Visit to Jean-Marie Biwer's studio
Serene inspiration of place
Artist Jean-Marie Biwer welcomes us to his rural home in the north of Luxembourg, for a tour of his beautiful, simple and luminous studio.
At the end of September, when the majestic sun is still warming the meadows, Jean-Marie Biwer greets us with a smile on the porch of his house. From the first moment we met him, we knew that our visit was going to be doubly enjoyable: not only were we delighted to meet an artist whose paintings are authentic odes to nature, but we also realised that he and his wife are extremely likeable people, with a rich cultural and human background.
The house is located at the northern tip of the Oesling, in a village whose name we had never heard before, a hamlet in fact, hidden away at the bottom of a secret valley and surrounded by lush green meadows. At first glance, the house seems very pretty, authentic, rural and even poetic, so much in harmony with itself and its owners. Yet when the couple bought it in the early 1980s, it was little more than a pile of ruins. Jean-Marie Biwer: "The house wasn't in great shape, but we liked it straight away. We could see ourselves in it, because it had a soul, a deep connection with the landscape and past traditions. We knew it could be brought back to life, even if it meant a lot of work. And indeed, the renovation was spread over several years, as and when we were able. We had to be patient, and with time we managed to restore it completely, while respecting its own identity.
As the building was improved, the workshop area also evolved to become what it is today, a large, light-filled space with a direct link to the neighbouring garden and meadows through a large bay window.
The studio is divided into two rooms at the rear of the building. The first is part of the old building, while the larger room is in the extension added in 1996 – 1998.
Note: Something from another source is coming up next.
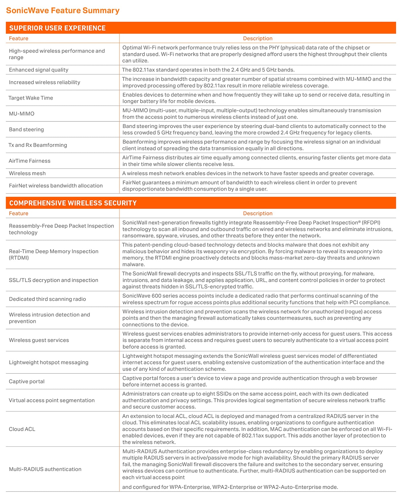 Sonicwave 621 Wireless Access Point Secure Upgrade Plus With 3Yr Secure Cloud Wifi Management And Support (No Poe) (03-Ssc-0718) Performance Sonicwalls Sonicwave 600 Series Access Points Utilize 802.11Ax Technology, Which Provides For Improved Performance In High-Density Environments. The Use Of 1024 Qam Allows More Data To Pass Through, And 802.11Ax Provides Improvements In Mu-Mimo, With Both Uplink And Downlink Capabilities. Additionally, 802.11Ax Works In Both The 2.4 Ghz And 5 Ghz Bands, And Latency Is Reduced By 75%. The Result Is An Overall Throughput Improvement Of Up To 400%, With A Nominal Data Rate Improvement Of 37% Compared To 802.11Ac Wave 2. Enhanced User Experience Sonicwave Aps Enhance The User Experience In A Number Of Ways. Not Only Are Processor Speeds Faster, But Beamforming Allows For A More Direct Connection That Is Faster And More Reliable Than Without Beamforming. Also, Improved Power Control Methods Help To Avoid Interference With Nearby Networks, Making For A Better Experience, And Target Wake Time Management Allows For Longer Battery Life For Mobile Devices. Best-In-Class Wireless Security Sonicwall Firewalls Scan All Wireless Traffic Coming Into And Going Out Of The Network Using Deep Packet Inspection Technology And Then Remove Harmful Threats Such As Malware And Intrusions, Even Over Ssl/Tls Encrypted Connections. Other Security And Control Capabilities Such As Content Filtering, Application Control, Intelligence, And Capture Advanced Threat Protection (Atp) Provide Added Layers Of Protection. Capture Atp Is Our Award-Winning Multi-Engine Sandboxing Service That Features Sonicwalls Patented Real-Time Deep Memory Inspection (Rtdmi) Technology.

The first room has a cosy, intimate feel, with wooden floors, a fireplace, a piano, furniture filled with books, and a space dedicated to storing brushes and pots. The second space, the studio-gallery, is more streamlined and modern. With its light-filled loft feel, it features high ceilings and a concrete floor. The walls are painted white, which has the advantage of enhancing the natural lighting. The studio is clearly focused on work and creation, with a few touches of relaxation and pleasure. Here, easels and everyday items such as the fridge and sofa coexist in harmony. With its large volume, light wooden beams, work tables of different shapes and sizes, shelves of books and other objects, and works of art hanging on the walls, the studio emerges as a bright, functional space that also generates sensations. Not at all messy, well organised, it is also a place that is occasionally used to receive visitors who come as friends or are interested in an acquisition. The walls are covered with the artist's works in all formats.
The simplicity of this light-filled studio, with its rough concrete floor and immaculate walls, is counterbalanced by details that give it a discreetly romantic feel.
“I began to paint scenes of
Wunnen: Is this where your inspiration comes from, or is it the nature you see outside?
Jean-Marie Biwer: When I was young, I did very different things. Like young people everywhere, I wanted to change things, to change the world. At a certain point in my life, I realised that painting was increasingly excluded from the contemporary art scene, which favoured photography, video and installations. So I started painting scenes from ordinary life and from what was immediately in front of me, the birch trees in the garden, the cows in the meadow, the clouds... I decided to take an interest in what touched me directly, and I made something that only exists here, in this region, with these lights. I go out into nature a lot, I take my sketchbooks, then I come back to the studio and get down to work... No longer wanting to change the world, I've started to develop an expression that everyone can understand.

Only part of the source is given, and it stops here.